After removing every image, reproduce the data exactly as it appears.

§ **THE DATA**:
'''

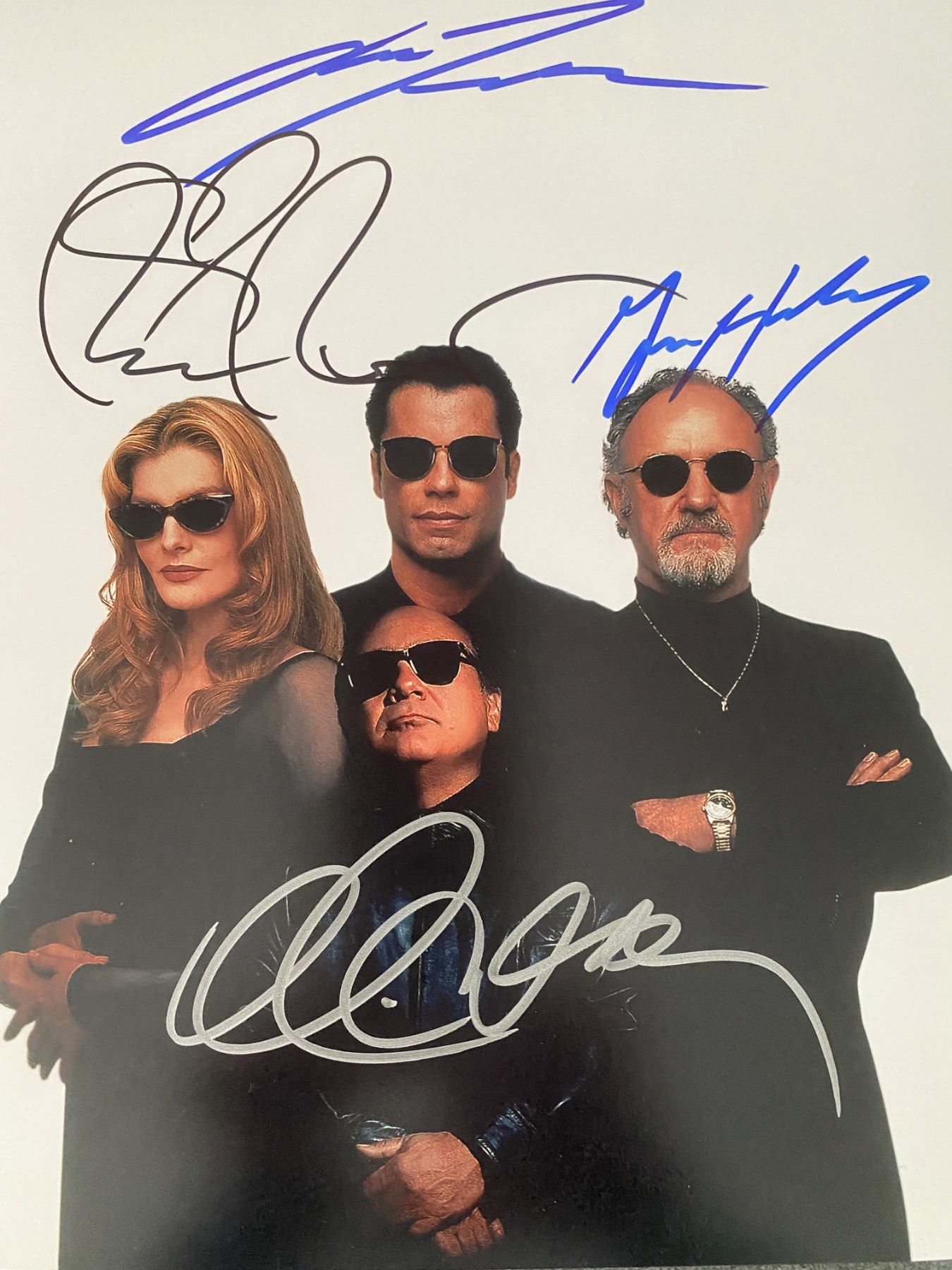 Get Shorty cast signed movie photo autographed by John Travolta, Rene Russo, Danny DeVito and Gene Hackman. 8x10 inches
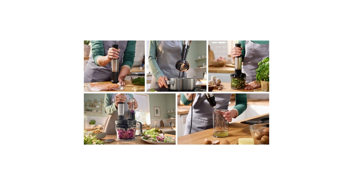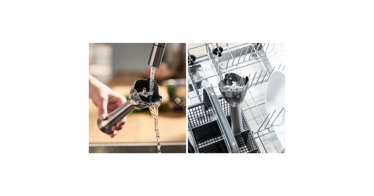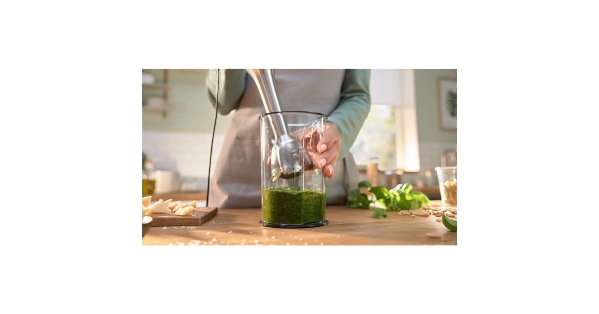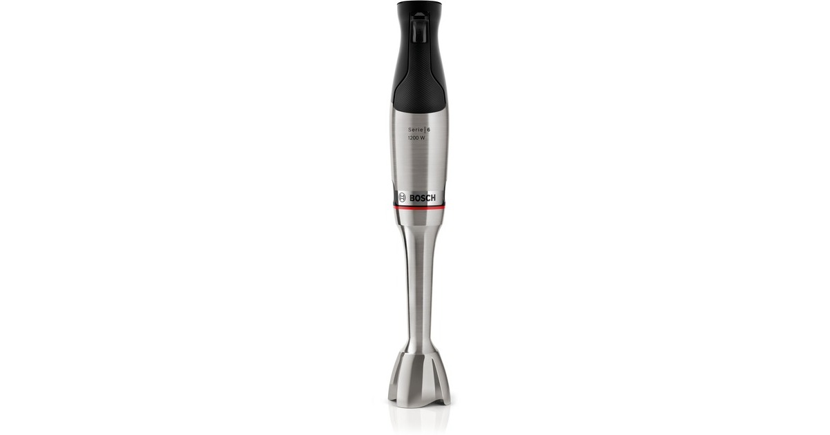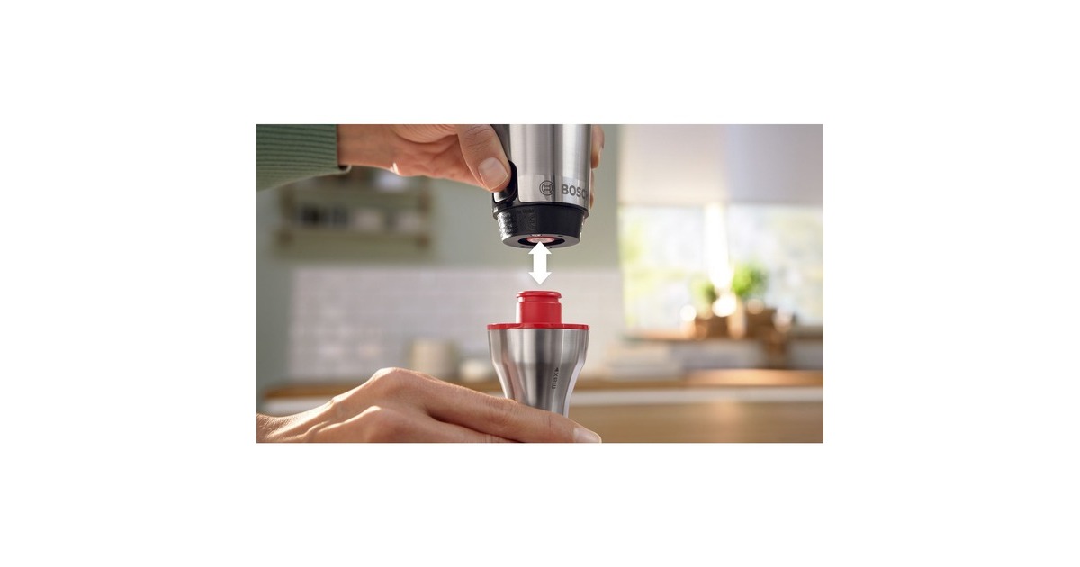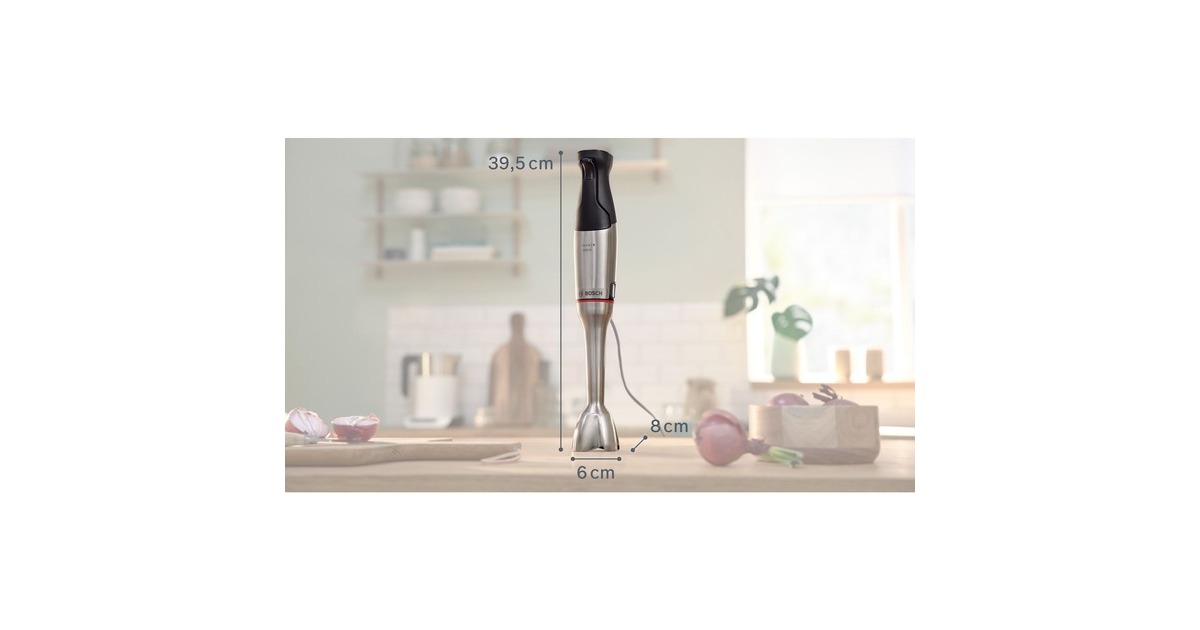 Das Stabmixer ErgoMaster MSM6M810 bietet eine ideale Kombination aus Kraft und Kontrolle. Der erste Stabmixer mit einer langlebigen Kupplung aus Keramik, so wird die Kraft an das Messer ohne Abriebeffekt übertragen. Der 1200-Watt-Motor bietet starke Leistung, auch für die härtesten Herausforderungen. Der ErgoMaster mit dynamischer Geschwindigkeitskontrolle lässt sich intuitiv, durch Druck auf den Bedienhebel, steuern. Je fester der Griff um den Bedienhebel, desto schneller die Geschwindigkeit beim Stabmixer. Der extra-große Hebel ist perfekt für eine einhändige Bedienung. Somit ist das Gerät sowohl für Rechts- als auch für Linkshänder geeignet. Die Einschaltsperre stellt sicher, dass der ErgoMaster nur läuft, wenn man ihn sicher in der Hand hält. So zerkleinert, mixt und verrührt der ErgoMaster Lebensmittel im Handumdrehen. Der Mixfuß ist mit dem Bosch dem QuattroBlade System Pro mit AntiSplash-Funktion ausgestattet. Das spezielle Design der Mixglocke mit den Flow Booster Linien stellt sicher, dass die Zutaten optimal verwirbelt und damit perfekt gemixt werden. Zudem verringern die Linien, dass sich die Mixglocke beim Mixen am Boden festsaugt. So kann kontrolliert gemixt werden: ohne Unterbrechungen und ohne Kleckern. Im Zusammenspiel mit den vier extra-scharfen Edelstahl Klingen, bekommt man die beste Bosch Leistung geboten: cremige Textur und müheloses Mixen, auch bei den härtesten Zutaten.
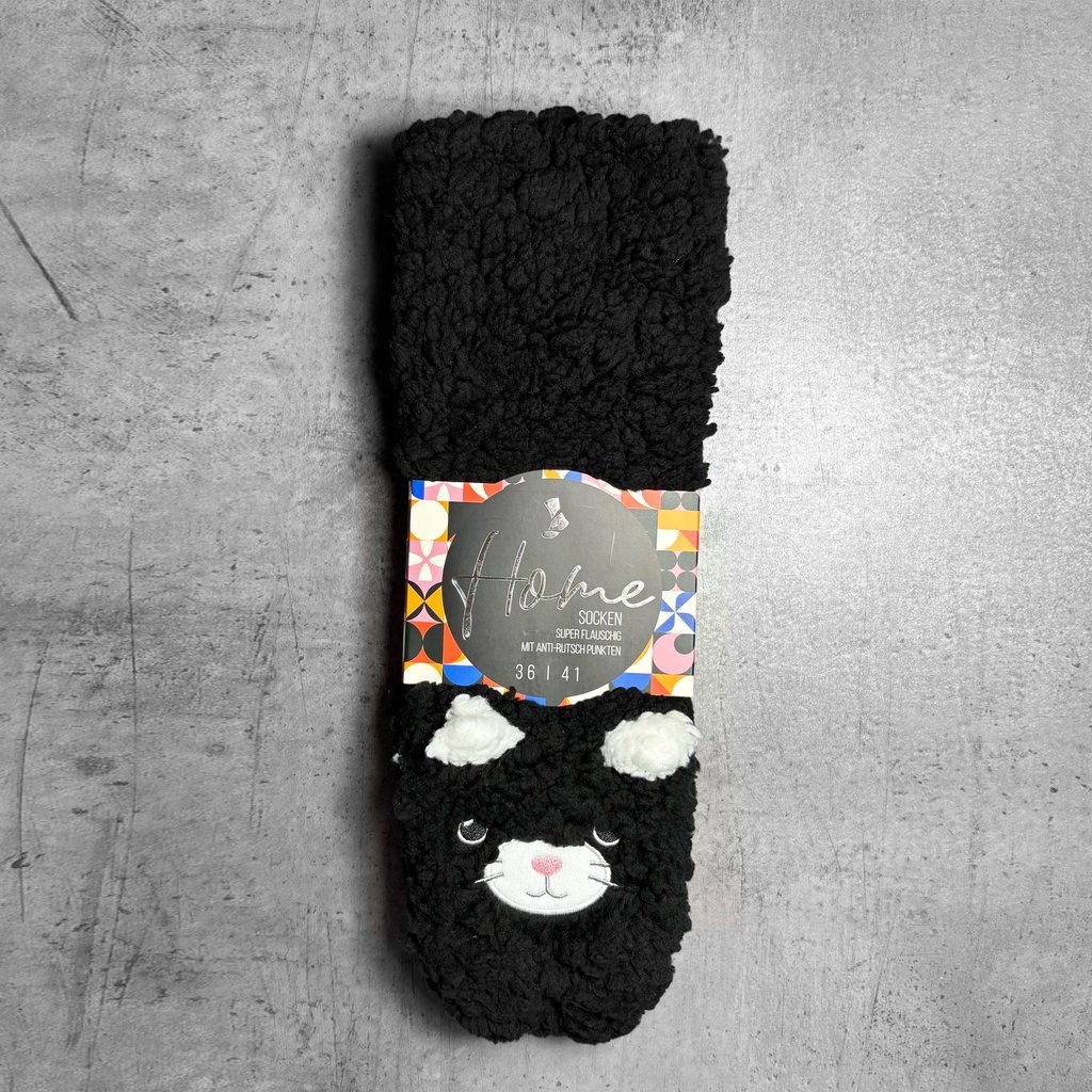Hebké domácí ponožky v uni velikosti s motivem kočičky.

'''

§ **WRITTEN REPLY**:
 Get Shorty cast signed movie photo autographed by John Travolta, Rene Russo, Danny DeVito and Gene Hackman. 8x10 inches
 Das Stabmixer ErgoMaster MSM6M810 bietet eine ideale Kombination aus Kraft und Kontrolle. Der erste Stabmixer mit einer langlebigen Kupplung aus Keramik, so wird die Kraft an das Messer ohne Abriebeffekt übertragen. Der 1200-Watt-Motor bietet starke Leistung, auch für die härtesten Herausforderungen. Der ErgoMaster mit dynamischer Geschwindigkeitskontrolle lässt sich intuitiv, durch Druck auf den Bedienhebel, steuern. Je fester der Griff um den Bedienhebel, desto schneller die Geschwindigkeit beim Stabmixer. Der extra-große Hebel ist perfekt für eine einhändige Bedienung. Somit ist das Gerät sowohl für Rechts- als auch für Linkshänder geeignet. Die Einschaltsperre stellt sicher, dass der ErgoMaster nur läuft, wenn man ihn sicher in der Hand hält. So zerkleinert, mixt und verrührt der ErgoMaster Lebensmittel im Handumdrehen. Der Mixfuß ist mit dem Bosch dem QuattroBlade System Pro mit AntiSplash-Funktion ausgestattet. Das spezielle Design der Mixglocke mit den Flow Booster Linien stellt sicher, dass die Zutaten optimal verwirbelt und damit perfekt gemixt werden. Zudem verringern die Linien, dass sich die Mixglocke beim Mixen am Boden festsaugt. So kann kontrolliert gemixt werden: ohne Unterbrechungen und ohne Kleckern. Im Zusammenspiel mit den vier extra-scharfen Edelstahl Klingen, bekommt man die beste Bosch Leistung geboten: cremige Textur und müheloses Mixen, auch bei den härtesten Zutaten.
Hebké domácí ponožky v uni velikosti s motivem kočičky.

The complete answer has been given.